# marine blanket weed.



## Paul B (Apr 16, 2008)

Hi

I have a problem with blanket weed in my marine set up and wondered if there were any fish that could keep it at bay.
I am not really into chemical remedies and the tank seems well balanced.

Cheers 

Paul


----------



## mikef (Sep 3, 2009)

From what you describe, it would appear that you have a high level of nitrate or phosphate, or both.
Both of these are in essence plant fertalisers, so you will get weed growth, the solution, well firstly test your water, but dont be fooled, your test kit might be giving you a normal reading... but the weed growth will in fact be taking the nitrate and/or phosphate out of the water, so your reading will be lower than it actually is.
Slowing down on feeding, reduce lighting, and several water changes will all help,
Its really all about balance, and not about chucking random chemicals in to solve an issue.
You dont say how big your tank is, how much stock you have, and how old the system is, perhaps with this info a little more light might be shed on the problem


----------



## Paul B (Apr 16, 2008)

its a small Orca Reef tank that has been established for a couple of years. I only have two clowns in the tank with a couple of hermit crabs and living rock. Loads of tiny starfish and a few fireworms.
Lights on 10 hours a day.
I agree with the chemicals, I have been keeping tropicals for many years and always prefer to treat situations as naturally as possible.

Thanks

P


----------



## jamesh (Jul 3, 2009)

are you talking about cyno?

if so more flow will prevent it from growing on your rock but you will find it eventually goes it has in all mine.


----------



## Wills (Sep 10, 2009)

mike f is quite correct as per usual {ultimate reef sponsor as well }

its bound to be phosphate or nitrate but you will be getting low readings as the algae is consuming it all, check the water, check the supply water and use decent test kits like salifert :2thumb:


----------



## mikef (Sep 3, 2009)

Orcas do tend to suffer from lack of flow, but from the title of your thread it would appear to be string algae, in which case, change some water, slow your feed down, and reduce the lighting, all these will help.
It wont have an immesdiate effect, but over a period of a few weeks you will see the weed start to break up providing you have got on top of the nitrate or phosphate issue, good test kits are a great investment, you might also be worth asking your local marine shop to check the water for you.
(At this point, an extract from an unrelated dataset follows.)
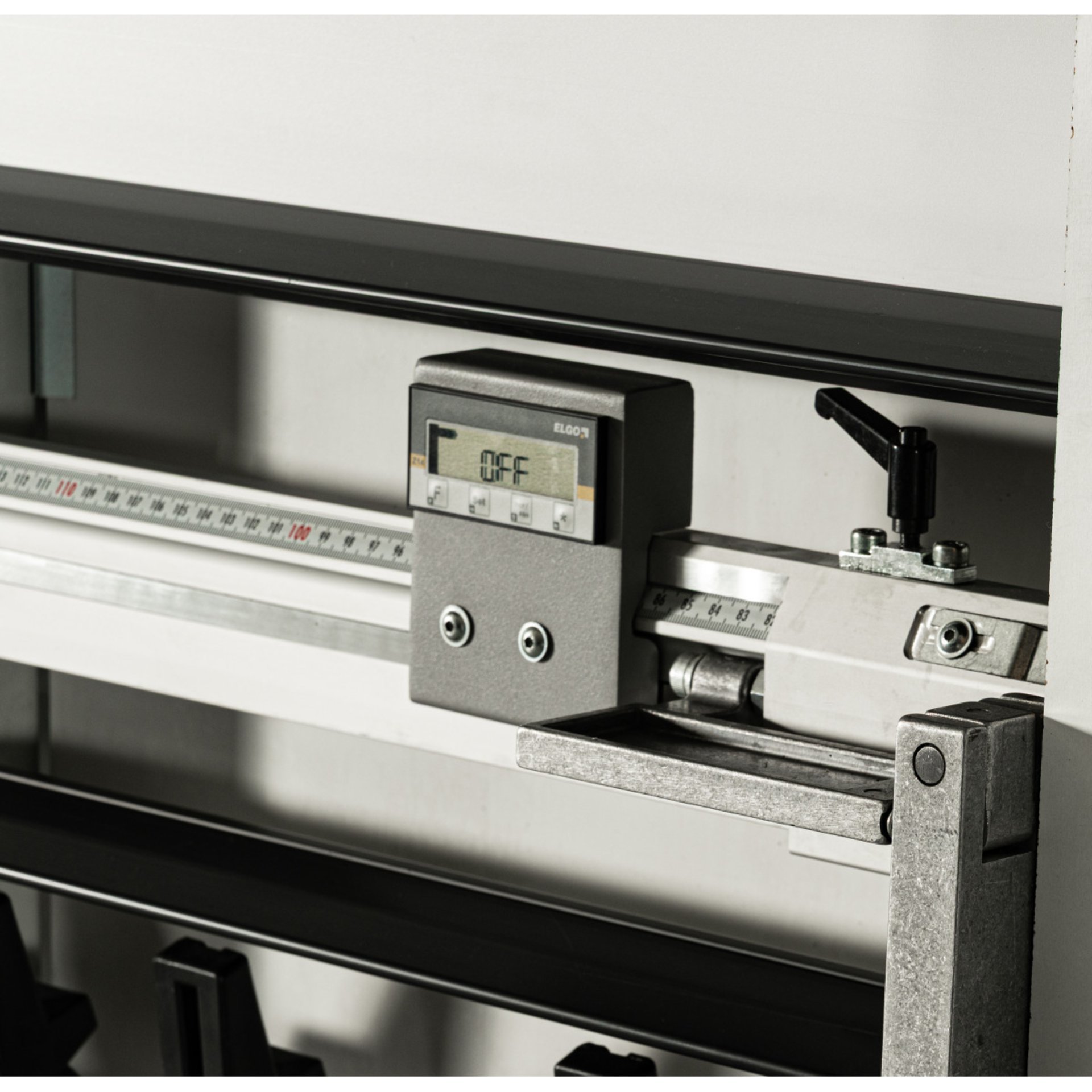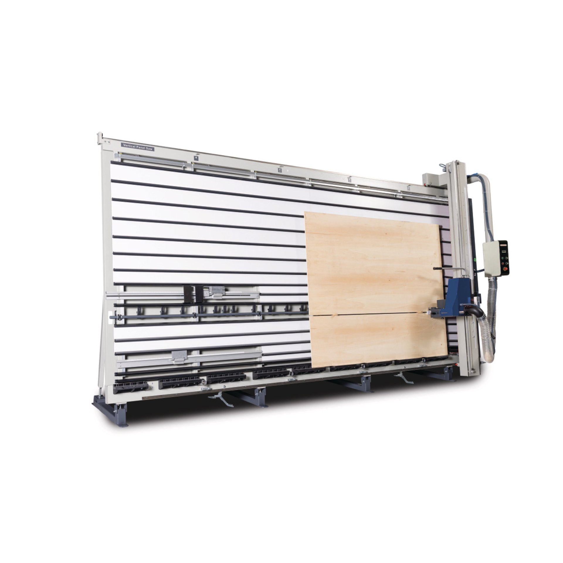 Vertikale Plattensäge mit Vorritzeinrichtung, Staubabsaugung und digitaler Maßanzeige

As a guide on water changes 10% per week or 2 weeks depending on stock levels, amount of food fed etc, it can take a bit to work out the balance, but you will get there in sure


----------



## Paul B (Apr 16, 2008)

I have employed the help of a sea hare which i have hired from my local shop. It has polished the hair algae and i have reduced feeding and lighting as advised. Thanks folks
P


----------